王储行宫,深夜
史蒂文站在书房的阳台上,俯视著下方沉睡的宫廷园。
“殿下,周晓达王子今天会见了南方部落的七位长老。”
身后,穿著传统白袍的情报官低声匯报,“会谈持续了三小时,內容不详。但会后,长老们的帐户上各多了一笔来自开曼群岛的匯款。”
史蒂文没有回头,手指轻轻摩挲著大理石栏杆上精细的雕。
“多少?”
“每人五百万美元。”
“廉价。”史蒂文轻笑一声,声音里没有温度,“我父亲当年收买他们,的可是土地和世袭特权。”
情报官沉默。
在沙特,有些话不需要说得太明白,周晓达在用现代金融手段做古老的政治交易,而这本身就是一种僭越。
部落长老本该只效忠於国王,以及国王指定的继承人。
“他还做了什么?”
“上周,他在伦敦与六家国际投行的负责人共进晚餐。
主题是『沙特未来三十年能源转型的融资方案。”情报官顿了顿,“他没有通过主权基金,用的是自己的私人办公室。”
史蒂文终於转过身。书房內的灯光照在他脸上,一半明亮,一半隱在阴影中。
“我的弟弟总是这么……急於证明自己。”
他慢慢走向书桌,桌上摊开著一份刚送来的文件,“他以为全球化那一套在这里行得通。以为用华尔街的钱、伦敦的人脉、硅谷的技术,就能绕过沙特的传统,绕过我。
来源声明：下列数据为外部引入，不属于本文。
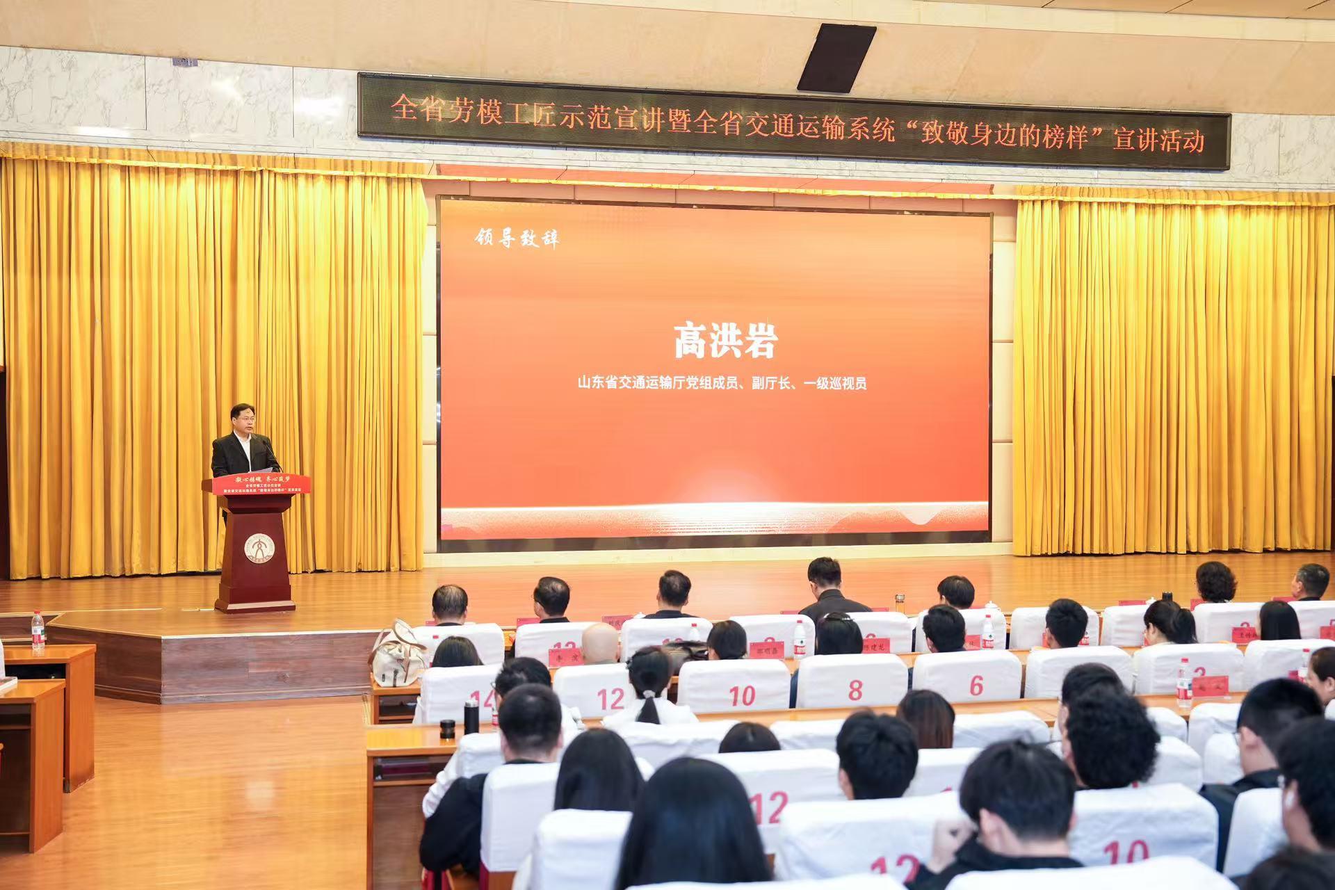 高洪岩简要介绍了全省弘扬新时代交通精神、选树“交通劳模”“交通工匠”等先进典型的工作开展情况。他表示,本次宣讲活动旨在通过劳模工匠讲述各自奋斗经历,传递山东交通正能量,激励全行业广大干部职工勇立潮头、踔厉奋发、争创一流。希望大家坚守初心使命、扛牢责任担当,以先进为榜样,为实现交通人的强国梦、强省梦努力拼搏、不懈进取、奋勇前行。

”
他拿起文件,那是周晓达在牛津的博士论文复印件,题目是《后石油时代君主制的现代化路径》。
“你看过这个吗?”史蒂文问。
情报官摇头。
“我弟弟在论文里写道:『传统王权建立在石油美元和部落效忠的双重支柱上。
当石油枯竭,部落分化,王权必须找到新的合法性来源——不是神授,而是绩效。”
史蒂文念出这段话时,脸上带著奇异的表情,像是嘲讽,又像是某种深藏的忧虑。
“绩效。”他重复这个词,“所以他投资新能源,结交国际资本,拉拢部落长老。他要证明他比我更懂『绩效,更適合领导沙特走进后石油时代。”
情报官谨慎地问:“需要採取行动吗,殿下?”
“行动?”史蒂文放下论文,走到墙边悬掛的家族谱系图前。
图上,他和周晓达的名字分別从老国王那里延伸出来,像两棵並生的树,根系在地下早已纠缠不清。
“他是我的亲弟弟。”
史蒂文轻声说,“我们小时候,一起在纳季德的沙漠里学骑马。
他第一次从马背上摔下来,是我把他拉起来的。他手臂骨折了,哭了一路,是我背著他走了三英里回到营地。”
他停顿了很久,久到情报官以为对话已经结束。
“但现在,”史蒂文的声音突然变冷,“他想要我的位置。不是通过正当的继承顺序,不是通过父亲的认可,而是通过……『绩效。”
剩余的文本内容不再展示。